为解决已有技术存在的不足，本发明提供了一种基于fastdfs的大文件分块上传及加密存储方法，包括如下步骤：In order to solve the deficiencies in the prior art, the present invention provides a fastdfs-based large file block upload and encrypted storage method, including the following steps:

步骤S1：获取用户选择上传文件，并按一定大小对文件进行切块，记录切块数，唯一文件标识信息后，多线程并发式请求服务端；Step S1: Obtain the file that the user chooses to upload, cut the file into pieces according to a certain size, record the number of pieces, and the unique file identification information, and multi-thread concurrently request the server;

步骤S2：分块文件上传；Step S2: Upload the file in chunks;

步骤S3：针对上传好的分块文件，进行AES文件流加密；Step S3: Perform AES file stream encryption for the uploaded block file;

步骤S4：将加密后的分块文件执行最后的上传fastdfs操作。Step S4: Perform the final fastdfs upload operation on the encrypted block file.

其中，所述步骤S2包括如下步骤：Wherein, the step S2 includes the following steps:

步骤S21：构建chunk实体类内二进制文件；Step S21: Construct the binary file in the chunk entity class;

步骤S22：通过getBytes()函数获取上传后的文件二进制后计算其MD5值，与前端传递的上传之前的文件二进制的MD5值进行对比，确保文件无缺失。Step S22: Get the uploaded file binary through the getBytes() function, calculate its MD5 value, and compare it with the binary MD5 value of the pre-uploaded file transmitted by the front end to ensure that the file is not missing.
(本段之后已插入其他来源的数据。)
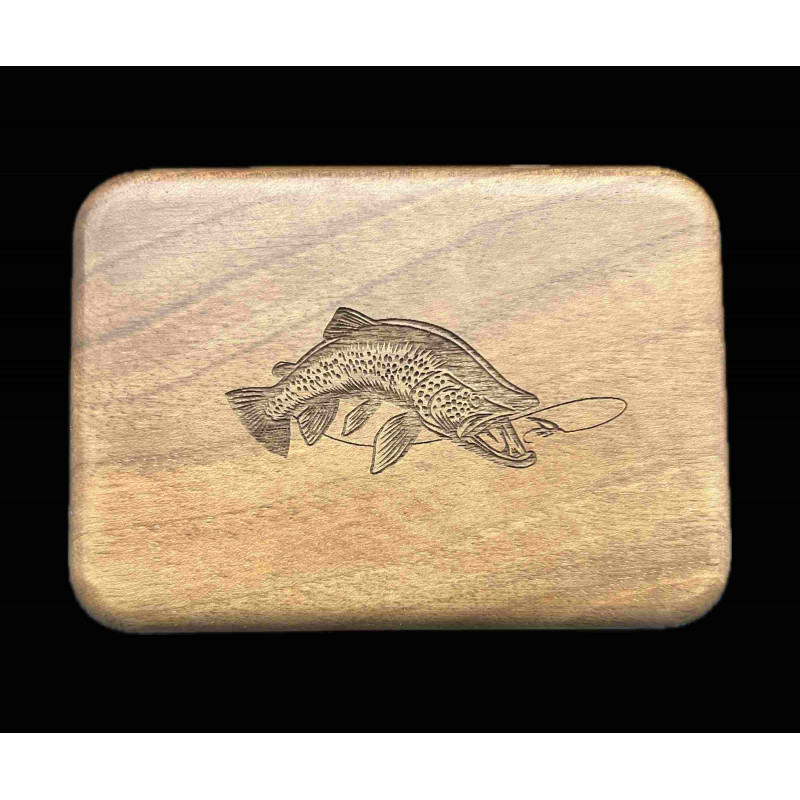 Dřevěná krabička značky Na mušku s obrázkem pstruha obecného.

其中，所述步骤S2中，在上传过程中，以每个分块文件为单位进行MD5值校验，来判断所上传的文件是否存在于整个fastdfs内，以避免相同文件的重复存储。Wherein, in the step S2, during the upload process, the MD5 value check is performed on each block file to determine whether the uploaded file exists in the entire fastdfs, so as to avoid repeated storage of the same file.

其中，所述步骤S3包括如下步骤：Wherein, the step S3 includes the following steps:

步骤S31：生成指定算法密钥生成器的 KeyGenerator 对象，指定秘钥加密的算法"SHA1PRNG"，以及密钥，取得转换完的AES专用密钥；Step S31: Generate the KeyGenerator object of the specified algorithm key generator, specify the algorithm "SHA1PRNG" for encryption with the secret key, and the key, and obtain the converted AES private key;

步骤S32：构建Cipher的AES加密实例；Step S32: constructing an AES encryption instance of Cipher;

步骤S33：通过Cipher的AES加密实例及文件输入流来构建CipherInputStream加密流；Step S33: Construct CipherInputStream encrypted stream through Cipher's AES encrypted instance and file input stream;

步骤S34：将加密流写入文件后取得文件二进制byte数据，至此文件流加密完成。Step S34: Obtain binary byte data of the file after writing the encrypted stream into the file, and the encryption of the file stream is now completed.
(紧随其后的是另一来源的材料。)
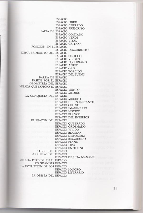 Cada sonido abre su propio espacio. Este espacio se hace manifiesto cuando encuentra resistencias (vibración en los cristales, membrana del tímpano...) y cada uno de los sonidos a nuestro alrededor crea un espacio diferente. Así, podríamos representar lo que habitualmente llamamos ruido como un conjunto de sonidos a los que no damos espacio, ponemos resistencias e introducimos dentro de un espacio pequeño fuera del cual no los dejamos manifestarse. De este modo, se solidifican en cuanto encuentran las barreras de resistencia y se manifiestan como algo molesto y dañino. En cuanto creamos espacio interno y cedemos sitio a cada uno de ellos, la manifestación de los mismos se vuelve placentera y multiforme. Este espacio interno resulta ser tan amplio como el externo y no posee límites, así la manifestación de los fenómenos puede producirse con dinamismo y sin interrupciones. Esto queda explicado en la hipótesis de causación formativa de Sheldrake, que propone que la memoria es inherente en la naturaleza y que la mente está expandida más allá del individuo (resonancia mórfica). Su coherencia con el pensamiento oriental taoísta se refleja en los siguientes versos: Antes que el Cielo y la Tierra existieran, ya había algo nebuloso, silencioso, aislado, solitario e inmutable que gira eternamente sin cesar y se puede considerar la Madre de todas las cosas. No conozco su nombre y lo llamo Tao. Si me obligan a darle un nombre lo llamaría "Grande". Ser grande significa extenderse en el espacio, extenderse en el espacio significa llegar lejos, llegar lejos significa volver al punto original. Tao Te King pág 40 También en el Islam encontramos referencias de este espacio amplio que va más allá de uno mismo: "La geometría del Tastir muestra un abismo tan vasto que concentra nuestra mente llevándola a un estado profundamente meditativo. La Forma implica pensamiento y percepción. El estado de esta meditación es el del Dikr —Recuerdo— de la Estructura Original que no llega jamás a ser alcanzada por el Intelecto. Forma repetida hasta el infinito, sin asomo de cese, de anécdota, de articulación diferente a ella misma, como si fuese una letanía visual que alcanzara su identidad en la repetición. Nuestra mente se pierde, la estructura no: sigue ahí cada vez que la miramos, recordándonos aquello que permanece siempre idéntico a sí mismo. La alternancia entre lo que permanece invariable y nuestra mente cambiante nos hace ver a nuestro propio intelecto mirándose al espejo desde la Conciencia. Del mismo modo la Conciencia muestra la finitud del Intelecto, su carácter polar y limitado. Recordemos a Malevitch con su 'Cuadrado Blanco sobre fondo blanco'. Cómo el espacio y el objeto tenían la misma forma y cómo, para expresar el movimiento de la conciencia, el cuadrado se alza suavemente inclinándose hacia la izquierda en un intento claro de diferenciarse de la superficie y de la línea, quedando sólo su significado. Forma que trata de eludir su materialidad para aludir al Contenido". link Cada manifestación, de hecho, no resulta más que ser una expresión de la energía original sin forma. Estas manifestaciones se conforman y crean debido a una reducción del espacio, a una conformación de la vibración original. Los mantras expresan todo su poder a partir de esa vibración. Así, podemos ver cómo los pensamientos surgen y aparecen como una condensación de energía, y cómo se disuelven por sí mismos en cuanto les damos espacio. Respecto a los miedos y a las tensiones, se dice lo mismo: no resultan ser más que una concentración de la energía que, en cuanto se le da espacio, se disuelven y se transforman. La paz que no es más que el espacio amplio y sin límites. De esta manera, llegamos a la conclusión de que el espacio es infinito, generador de todos los fenómenos, indiferenciable de la energía y autoemergente. Además, la capacidad de abrir el espacio es una maestría que han alcanzado los místicos de todos los tiempos. Así, vemos que sus experiencias de unificación con lo superior incluyen siempre las cualidades de paz y amor, que se manifiestan en un espacio interno indiferenciado del externo y siempre ilimitado Explicaciones acerca de la relación con el tiempo nos las ofrecen tanto Ken Wilber como Alan Watts (en el campo de la conciencia), místicos como Santa Teresa, San Juan de la Cruz, Milarepa o incluso científicos como Stephen Hawking, Fritjof Capra, Heisemberg, etc. En todos los casos, la concepción del tiempo es no lineal. También observamos que todos coinciden en la inexistencia de pasado y futuro en el espacio amplio liberado y que, en cambio, hablan de la "eternidad" del presente como momento único y autoconsistente. Podemos ver, pues, que el pasado y el futuro no son más que concentraciones de espacio que son referidas a nuestras proyecciones. Aquí se investigará sobre ese espacio, sobre el espacio y sobre la manera de pensar el espacio, aspectos que tradicionalmente han preocupado a los artistas. Para ello, hemos intentado establecer algunos criterios que sirvan como balizas 1 demarcadoras de orientación en esta búsqueda, pero que, en su calidad de señales móviles, no entrarán a definirlo (lo consideramos inefable), sino que ayudarán a tomar decisiones a la hora de marcar el rumbo en este viaje.

本发明提供的基于fastdfs的大文件分块上传及加密存储方法，基于大文件的分块上传原理，适配fastdfs文件服务，最大限度的提升大文件上传的容错率及上传速率。同时，本发明对每一个分块文件进行AES加密存储，结合fastdfs存储特性，集分块，加密，不可读文件名及随机存储路径，使文件存储的安全性，得到了充足的保障。The fastdfs-based large file block upload and encrypted storage method provided by the present invention is based on the block upload principle of large files, adapts to fastdfs file services, and maximizes the error tolerance rate and upload rate of large file uploads. At the same time, the present invention performs AES encrypted storage for each block file, combined with the fastdfs storage feature, integrates block, encryption, unreadable file name and random storage path, so that the security of file storage is fully guaranteed.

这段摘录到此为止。